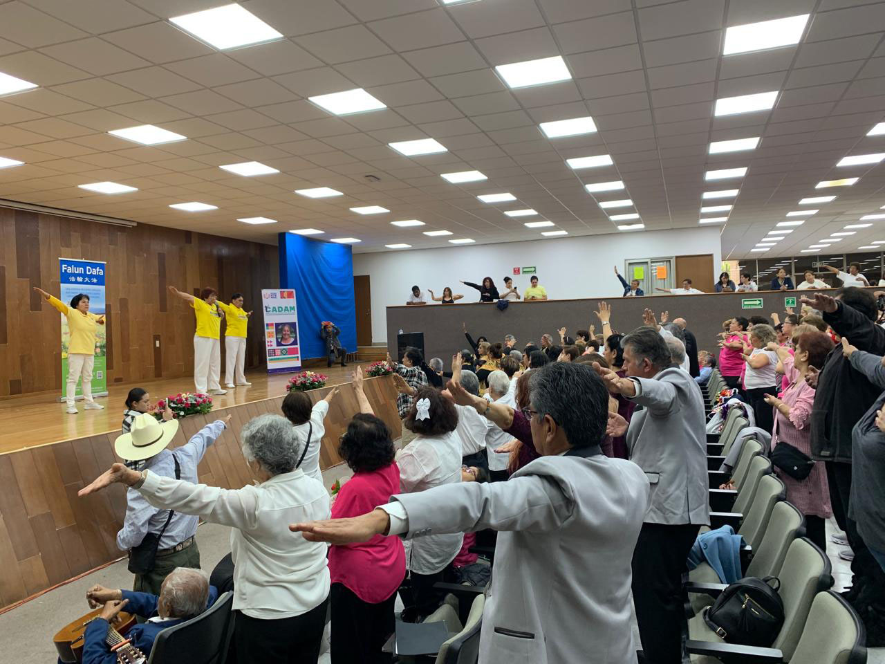 三位法轮功学员登台介绍了法轮大法的基本理念,强调真、善、忍的核心价值以及对身心健康的益处。随后,他们带领现场观众一起学炼功法动作,让他们亲身体验功法。
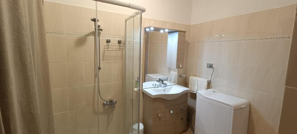 The air-conditioned apartment consists of 1 bedroom, a living room, a fully equipped kitchen with an oven and a coffee machine, and 1 bathroom with a bidet and slippers. A private entrance leads guests into the apartment, where they can enjoy some fruit and chocolates or cookies.
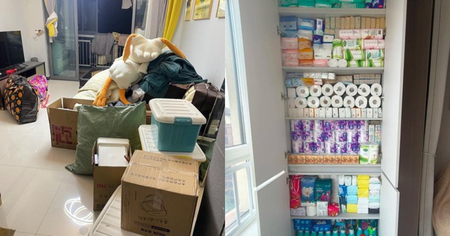 - nước giặt, khăn giấy, nước lau nhà chật kín tủ,
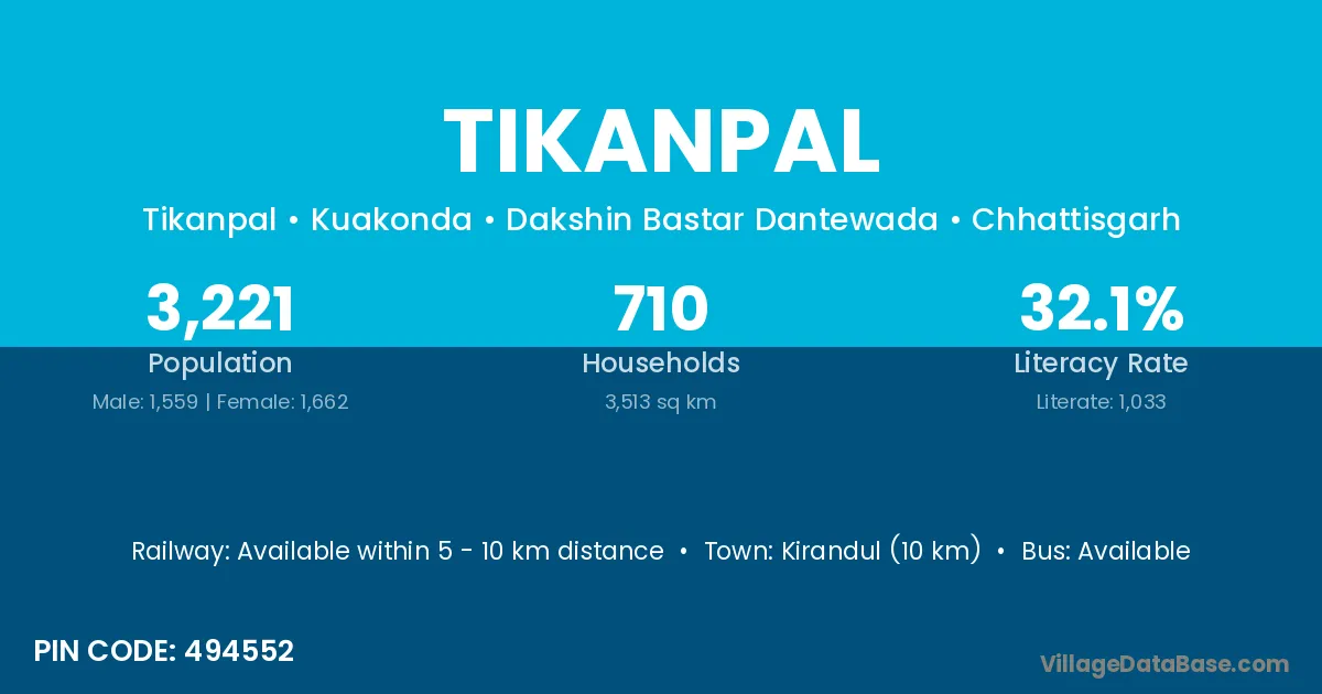Kirandul (10 km) is the nearest town to Tikanpal village for major economic activities and is located approximately 10 km away.
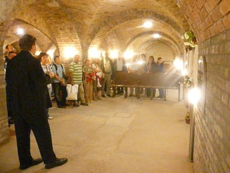 Kalauzunk a Fogadalmi temlom altemplomának sírjai között Nyári Imre

════════

INSTRUCTIONS TO FOLLOW » What is wanted is a verbatim transcription of every record above, pictures excluded.

EXPECTED ANSWER »
 三位法轮功学员登台介绍了法轮大法的基本理念,强调真、善、忍的核心价值以及对身心健康的益处。随后,他们带领现场观众一起学炼功法动作,让他们亲身体验功法。
 The air-conditioned apartment consists of 1 bedroom, a living room, a fully equipped kitchen with an oven and a coffee machine, and 1 bathroom with a bidet and slippers. A private entrance leads guests into the apartment, where they can enjoy some fruit and chocolates or cookies.
 - nước giặt, khăn giấy, nước lau nhà chật kín tủ,
Kirandul (10 km) is the nearest town to Tikanpal village for major economic activities and is located approximately 10 km away.
 Kalauzunk a Fogadalmi temlom altemplomának sírjai között Nyári Imre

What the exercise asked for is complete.